Dr. Stein:No, I don't think so, that's not the point. It is about the question of how new combinations and possibilities of experience and processing can be created. This can be adapted in many other areas: for example, we currently have a workshop to develop content for the playful development of resilience. The aim is to find out how to deal with oneself better in stressful situations in order to somehow get the whole stress under control. Of course you can say: Especially the digital world creates new stressful situations because everything is moving forward so fast. At the same time a game creates techniques of processing. As a rule, games are designed to keep the players "in the game", to make them the end of the game - it is therefore a matter of checking one's own behaviour patterns, learning new behaviour patterns, without getting caught up in the information overload. Playing is always self-experiment. It is a fundamental component of our problem-solving. 

Playing is always self-experiment.
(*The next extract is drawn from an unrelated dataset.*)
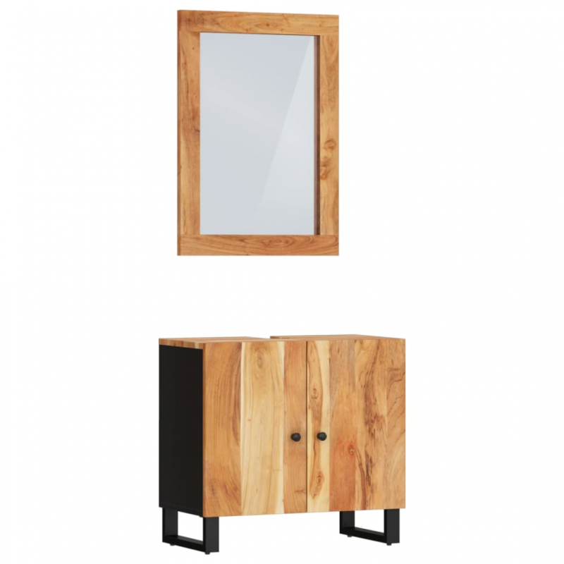 Dieses praktische Badmöbel-Set ist eine hervorragende Ergänzung für dein Badezimmer und verleiht ihm ein aufgeräumtes und eindrucksvolles Aussehen! Akazien-Massivholz: Der Schrank ist aus massivem Akazienholz in Kombination mit Holzwerkstoff gefertigt. Massives Akazienholz ist ein schönes Naturmaterial. Es ist ein tropisches Hartholz, das dicht, robust und langlebig ist.Ausreichend Stauraum: Der Badezimmerschrank bietet reichlich Stauraum für die Aufbewahrung von Gegenständen in deinem Badezimmer.Stabile Beine: Die Eisenbeine verleihen dem Badezimmerschrank Robustheit und Stabilität.Praktisches Design: Die Oberseite des Waschbeckenunterschranks ist ideal für die Unterbringung des Waschbeckens.Klares Spiegelbild: Der Glasspiegel bietet eine klare Spiegelung. So kannst du ein schönes und natürliches Spiegelbild genießen, wenn du vor dem Spiegel steht. Achtung:Um ein Umkippen zu vermeiden, sollte dieses Produkt mit der mitgelieferten Wandhalterung gesichert werden.Gut zu wissen:Das Waschbecken ist nicht im Lieferumfang enthalten.Schrauben und Dübel sind für die Befestigung an der Wand nicht im Lieferumfang enthalten. Wir empfehlen, speziell für deine Wände geeignete Schrauben und Dübel zu finden und zu verwenden. Im Zweifelsfall wende dich an einen Fachmann. Bitte lese und befolge jeden Schritt der Anweisungen.Jedes Stück ist ein Unikat, das in Farbe und Maserung variiert. Die Lieferung erfolgt in zufälliger Reihenfolge, wodurch die Exklusivität und Individualität deines Produkts gewährleistet wird.

It is a fundamental component of our problem-solving

CCB Magazine:The Gamelab is an interdisciplinary project. It has been bringing together actors from science, art, culture and research for years. To what extent can barriers between the individual cultural sectors be overcome? Let me put it this way: the visual artist often doesn't want to deal with the advertiser, while the one or other performing artist has little to do with all the digital gimmicks of the gaming scene.  

Dr. Stein:That's probably true, but we don't want to somehow squeeze anything that doesn't want to come together. But I am firmly convinced of the power of interdisciplinarity. The Gamelab is itself the product of perhaps the world's largest interdisciplinary project of all time, the Cluster of Excellence Image Knowledge Design, which is the only institution that has actually succeeded in bringing together more than 40 disciplines - from the natural, technical and social sciences to the humanities and design. This maximum heterogeneity of knowledge cultures is what is actually new and exciting: It is about overcoming habitual positions, exploring new boundaries and meeting at eye level. For example, if you look at what VR can already achieve now - in the field of medicine, in museums - we are only at the beginning of what will be possible in the future. In the beginning there was only a television in the room, there was no color and no remote control in the living room. In eight to ten years, the VR headset in the living room will perhaps be taken for granted, just like the fusion of technology and dance. But the one should not replace the other. It should connect. And such progress has harmed humanity in the rarest cases.